First as Tragedy, Then as Farce

"But Reagan's and Trump's opposing styles belie their similarities of substance. Both have marketed the same brand of outrage to the same angry segments of the electorate, faced the same jeering press, attracted some of the same battlefront allies (Roger Stone, Paul Manafort, Phyllis Schlafly), offended the same elites (including two generations of Bushes), outmaneuvered similar political adversaries, and espoused the same conservative populism built broadly on the pillars of jingoistic nationalism, nostalgia, contempt for Washington, and racial resentment. They've even endured the same wisecracks about their unnatural coiffures. 'Governor Reagan does not dye his hair,' said Gerald Ford at a Gridiron Dinner in 1974. 'He is just turning prematurely orange.' Though Reagan's 1980 campaign slogan ('Let's Make America Great Again') is one word longer than Trump’s, that word reflects a contrast in their personalities—the avuncular versus the autocratic—but not in message. Reagan's apocalyptic theme, 'The Empire is in decline,' is interchangeable with Trump's, even if the Gipper delivered it with a smile."

Frank Rich in New York compares Ronald Reagan to Donald Trump.

"To Attack Someone Because of Their Political Beliefs Is to Embrace the Logic of Authoritarianism"

"The simple truth is that reaction feeds on disorder. And when there are legitimate means to stop Trump, you're just as likely to cause a backlash in favor of his effort by forsaking them to attack his supporters. (At the risk of tripping Godwin's law, German Communist violence against ultra-right targets in the 1932 elections didn't stop Hitler and his enablers as much as it emboldened and enabled them.) If anything, Trump wants violent attacks on his supporters. Don't give them to him."

Jamelle Bouie in Slate criticizes anti-Trump violence.

"We Engaged Him for Our Ends"

"Ullrich has strong feelings about the way Hitler came to power in January 1933, enthroned by a 'sinister plot' of stupid elite politicians just at the moment when the Nazis were at last losing strength. It didn't have to happen. He constantly reminds his readers that Hitler didn't reach the chancellorship by his own efforts, but was put there by supercilious idiots who assumed they could manage this vulgarian.

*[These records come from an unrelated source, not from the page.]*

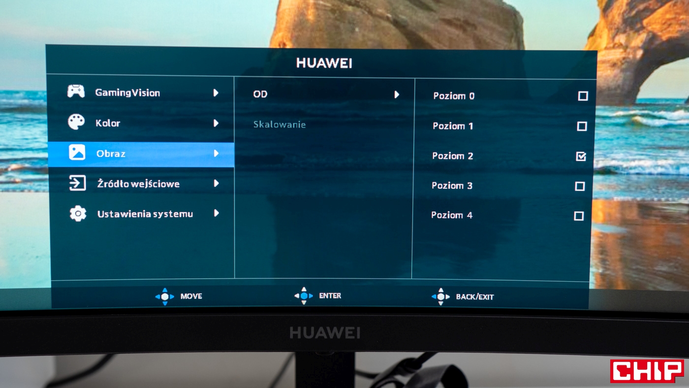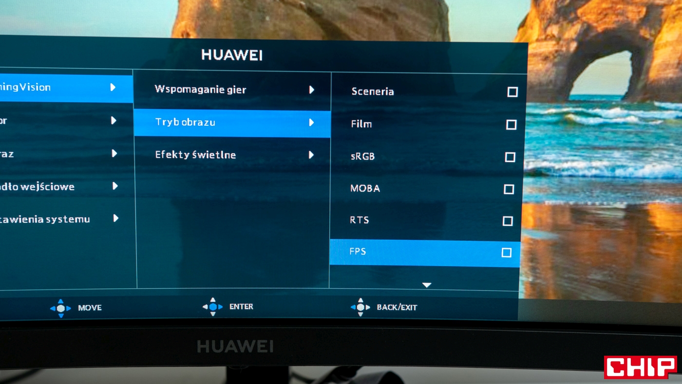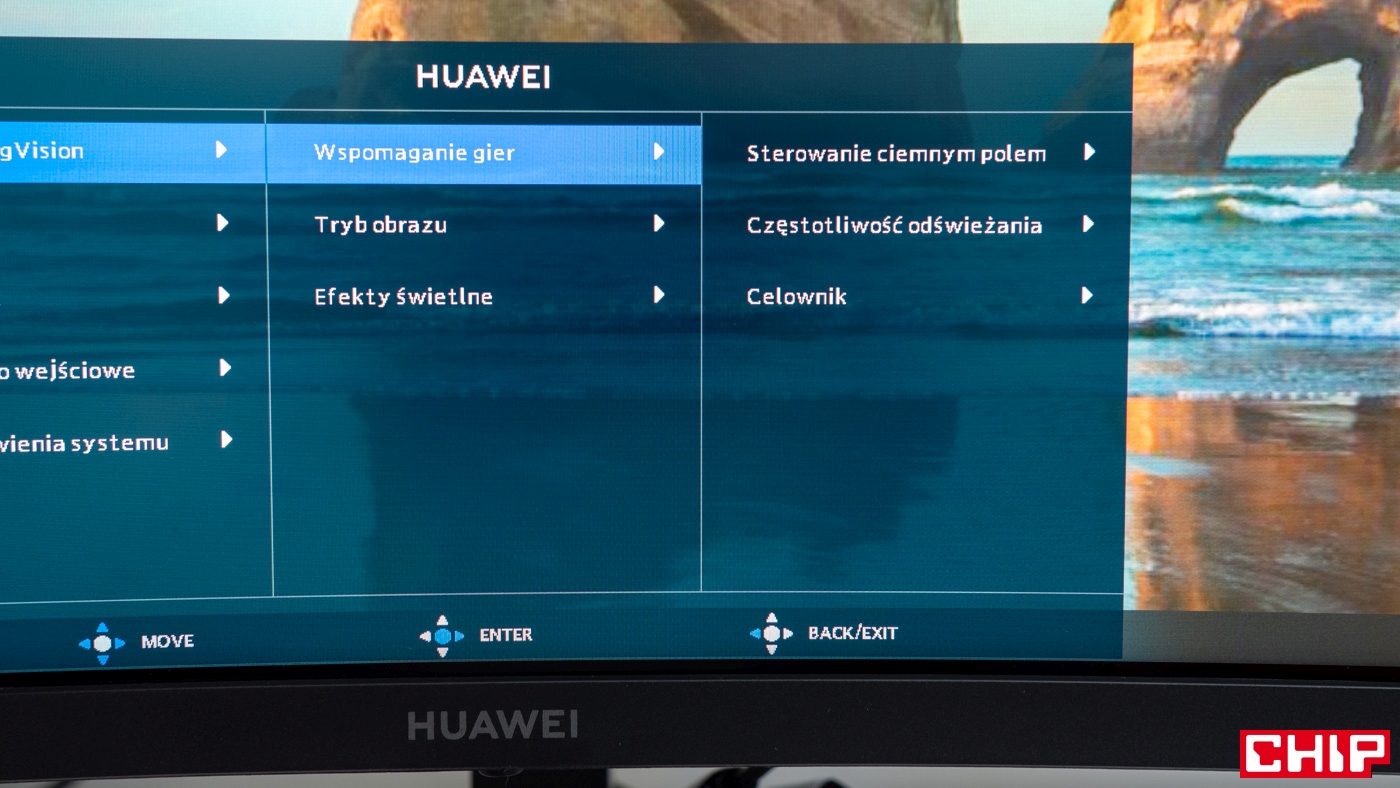 Menu Huawei MateView GT jest bardzo przejrzyste i nie znajdziemy w nim żadnych zbędnych opcji. Wśród funkcji gamingowych mamy dobrze działające rozjaśnienie ciemnych elementów obrazu oraz możliwość włączenia celownika o różnej formie. Do tego mamy opcje wyboru schematu kolorów, w zależności od typu gry. Jak jestem sceptycznie nastawiony do tego typu udziwnień, tak tutaj nawet nieźle to działa. Oczywiście nie zabrakło możliwości wyświetlania aktualnej liczby generowanych klatek na sekundę w trakcie rozgrywki.
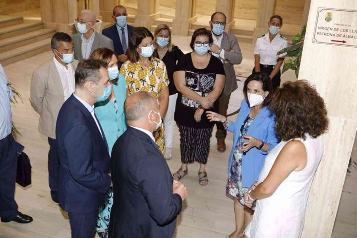 Margarita Robles ha firmado en el libro de honor de la ciudad, calificando de «honor» visitar «esta maravillosa ciudad de Albacete, un orgullo para España, de la que todos los días salen hombres y mujeres que hacen un país mejor».
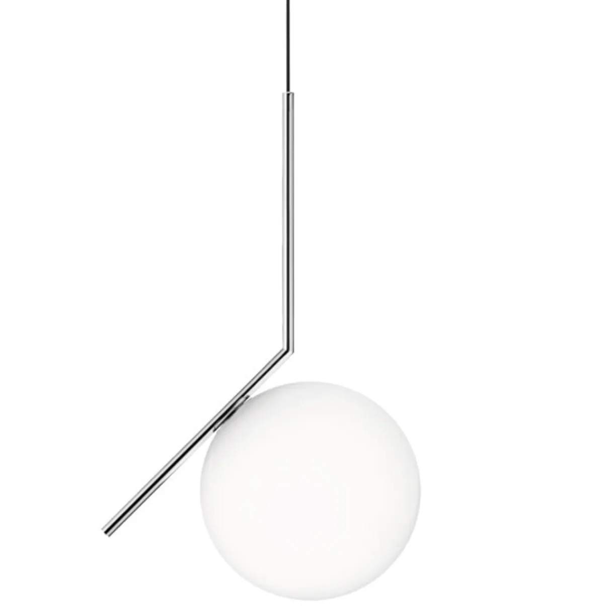 FLOS IC Lights S2 taklampe er en lampe som utfordrer balansesansen vår, kuppelen gir en optisk illusjon av en kule som svever. Lampen er elegant utformet, gir godt med generelt lys, og den blir som et smykke over spisestuen din. Lampen er perfekt å bruke over spisebord, over salongbord, på soverom, i trappeoppgang. Det munnblåste glasset mykner lyset selv om det skulle stå på full styrke, og den er også fin å dimme for stemningslys. Finnes som taklampe, vegglampe, gulvlampe og bordlampe. Designet av Michael Anastassiades i 2014.
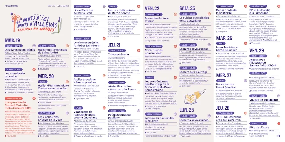 Ce festival célèbre la culture de la lecture, de l’écriture et de l’oralité chez les jeunes et les adultes, dans le cadre de la dynamique lecture du territoire de la Cité éducative Marseille Nord Littoral.
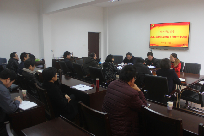1月25日下午,管理学院党委召开2017年度党员领导干部民主生活会,以“认真学习领会习近平新时代中国特色社会主义思想,坚定维护以习近平同志为核心的党中央权威和集中统一领导,全面贯彻落实党的十九大各项决策部署”为主题,对照党章,对照《中共中央政治局关于加强和维护党中央集中统一领导的若干规定》《中共中央政治局贯彻落实中央八项规定实施细则》精神,对照初心和使命,结合思想和工作实际,深入查摆问题,深刻剖析原因,严肃开展批评与自我批评。学院党委书记谢志鸣主持会议,校第2督导组副组长刘鸿莅会指导,学院领导班子成员参加了会议,党委委员、科级干部、系正副主任、工会主席、校第三次党代会代表列席了会议。
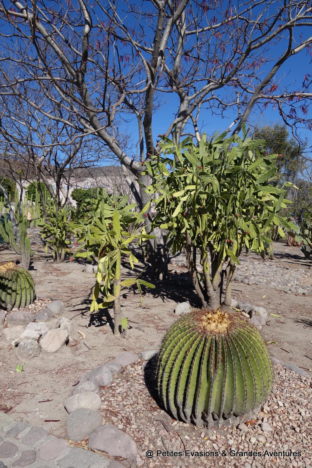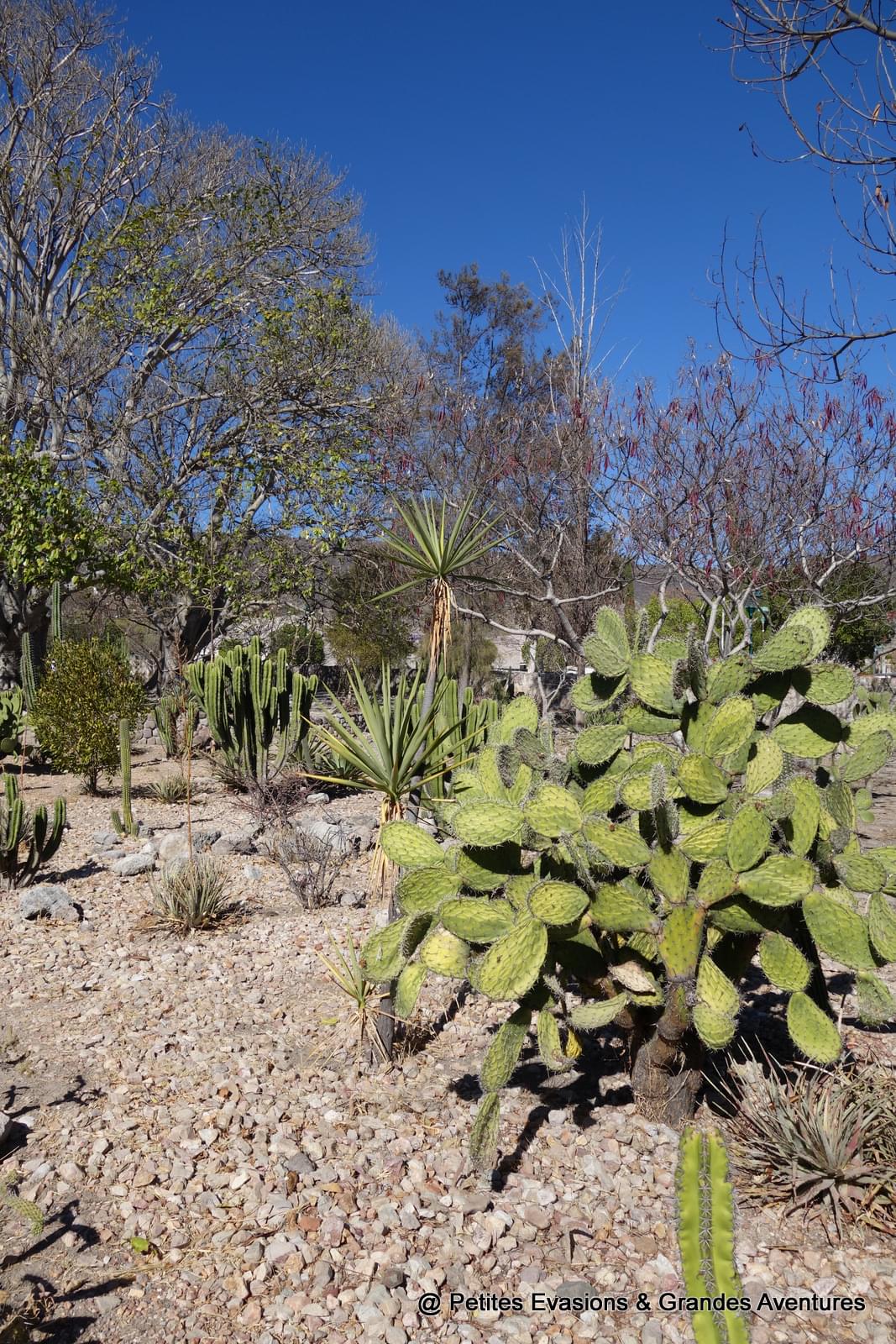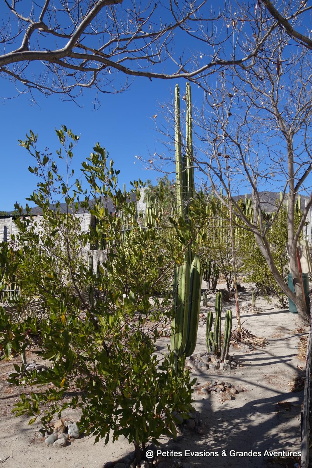 Le site archéologique de Mitla c'est aussi le paradis des cactus. Il y en a de toutes les formes et de toutes les tailles. Bien qu'hérissés de toute part, toutes ces espèces se côtoient paisiblement et offrent un beau contraste avec le gris des pierres et le bleu du ciel.
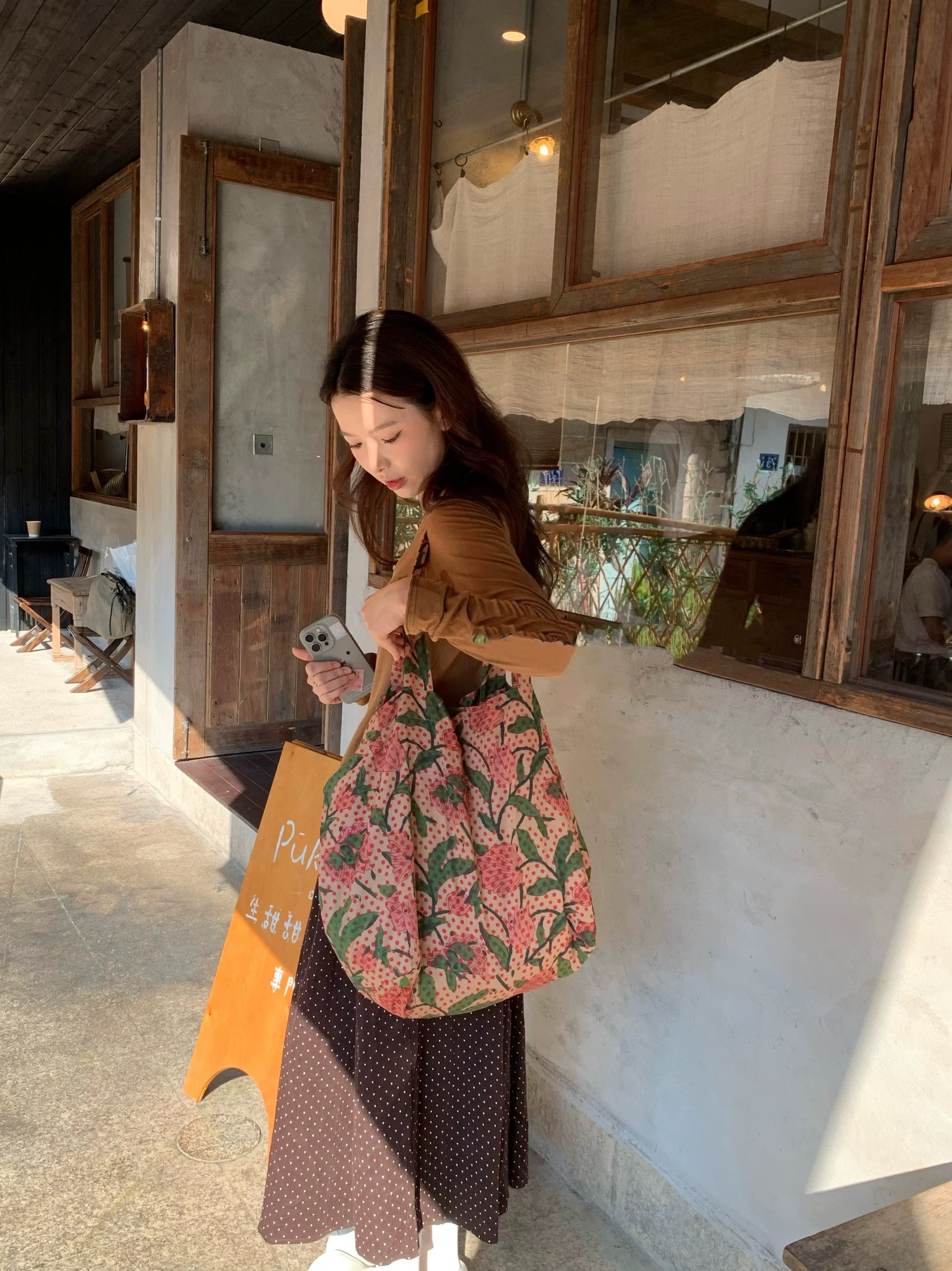 【予約販売】レトロ ドットフラワー柄トートバッグ
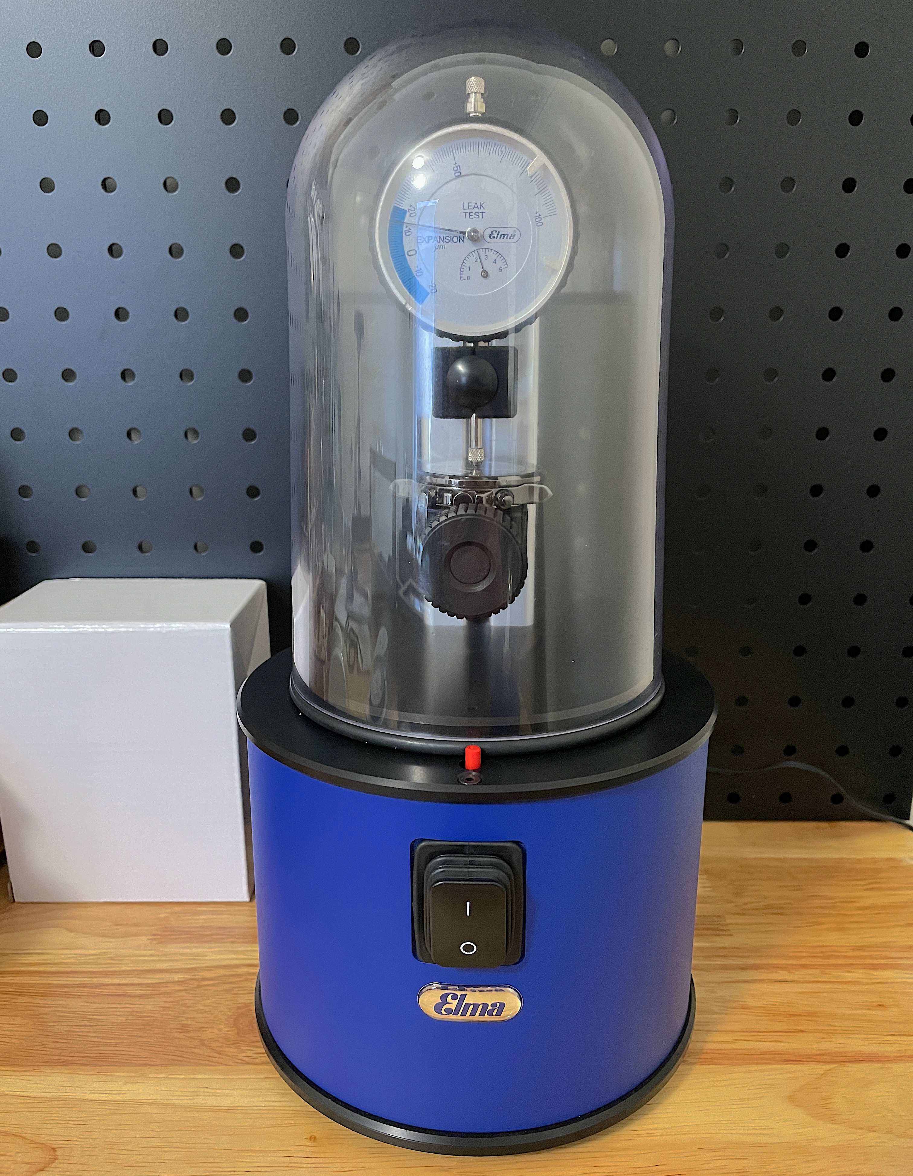 The watch is placed on a platform under a dial indicator and the probe is placed on the crystal and the dial gauge set to zero. The cover is put on and the vacuum pump is run for about a minute. If the watch leaks like a sieve, the needle will not move.
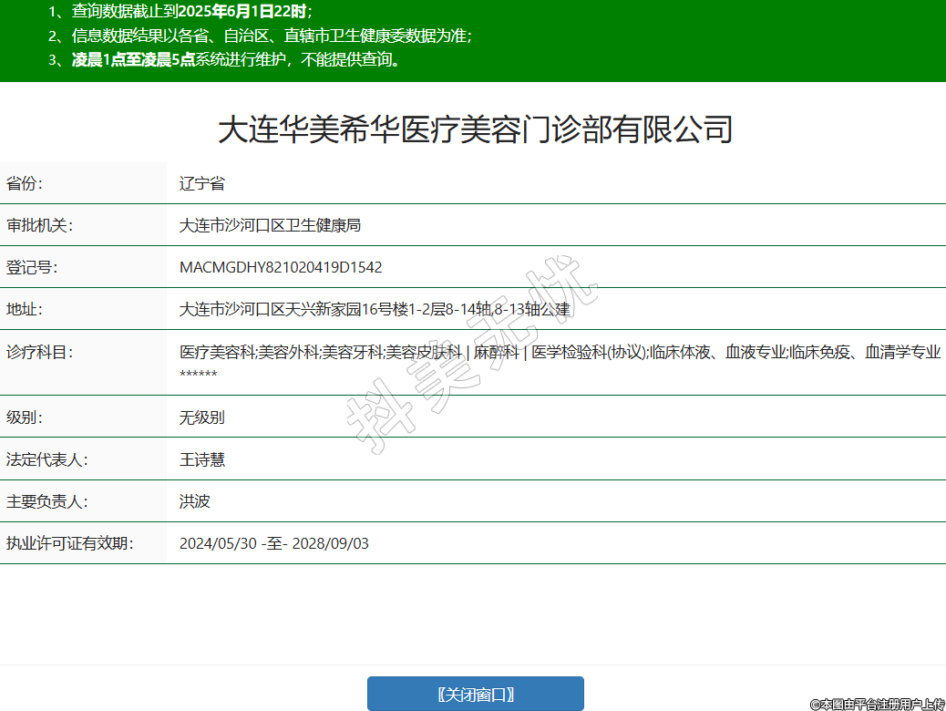 大連華美希華醫(yī)療美容,診療科目:醫(yī)療美容科;美容外科;美容牙科;美容皮膚科 | 麻醉科 | 醫(yī)學(xué)檢驗(yàn)科(協(xié)議);臨床體液、血液專業(yè);臨床免疫、血清學(xué)專業(yè)******

Neal Ascherson in the London Review of Books reviews Volker Ullrich's Hitler: Ascent, 1889-1939.

The Greatest

"Ali's influence out of the ring was no less marked. Having appalled white America by converting to the Nation of Islam and changing his name from Cassius Clay to Cassius X and then to Muhammad Ali, he later refused to be drafted into the army, telling reporters: 'Man, I ain't got no quarrel with them Vietcong.'
"In 1967, still unbeaten and with no obvious challenger in sight, Ali was stripped of his titles and for three-and-a-half years had to scrape a living making campus speeches and appearing on Broadway. He lost his best years as a fighter yet as the opposition to Vietnam war grew, so did Ali's popularity. By the mid 1970s he was the biggest sports star on the planet."

Sean Ingle in The Guardian reports the death of Muhammad Ali.